I am trying to obtain an upper and lower estimate for the integral $$I = \int_0^1 \overbrace{\frac{1}{\sqrt{x^2+1}} \left( \frac{1}{\sqrt{x}} + 2\sqrt{x}\right)}^{\Large f(x)}\,\mathrm{d}x,$$ and an approximate value. Eg finding two integrals such that

$$I_l < I < I_u$$

Since the integrand is strictly decreasing on $[0,1]$, a good lower bound is for example $f(1) = 3/\sqrt{2}$. An even better lower estimate can be found by using the taylor expansion of $f$ around $x=1$. For example $$I_l = \int \frac{3}{\sqrt{2}} - \frac{1}{\sqrt{2}}(x-1) + \frac{1}{3\sqrt{2}}(x-1)^2\,\mathrm{d}x = \frac{43}{12\sqrt{2}} $$

But how can one find a good upper estimate for integral? I tried doing $$ I_u = \int_0^1 \frac{1}{\sqrt{x}} + 2\sqrt{x}\,\mathrm{d}x = \frac{10}{3}$$ However this is not a particularly accurate estimate.

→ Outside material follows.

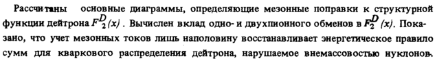 Рассчитаны основные диаграммы, определяющие мезонные поправки к структурной функции дейтронаF^(x) . Вычислен вклад однои двухтонного обменов вЯр(х). Показано, что учет мезонных токов лишь наполовину восстанавливает энергетическое правило сумм для кв ар ков ого распределения дейтрона, нарушаемое в немассовостью нуклонов-.

Does anyone have any better suggestions for finding a good upper estimate?

Answer 1

Substituting $x:=t^2$ $\>(0\leq t\leq1)$ we obtain $$I=2\int_0^1{1+2t^2\over\sqrt{1+t^4}}\ dt\doteq 2.98808\ .$$ So the challenge would be to prove at least $I<3$.

Since the function $f(t):=(1+t^4)^{-1/2}$ cannot be well approximated by polynomials over the whole range $[0,1]$ we split the integral up into two parts $I_1:=\int_0^{2/3}$ and $I_2:=\int_{2/3}^1$.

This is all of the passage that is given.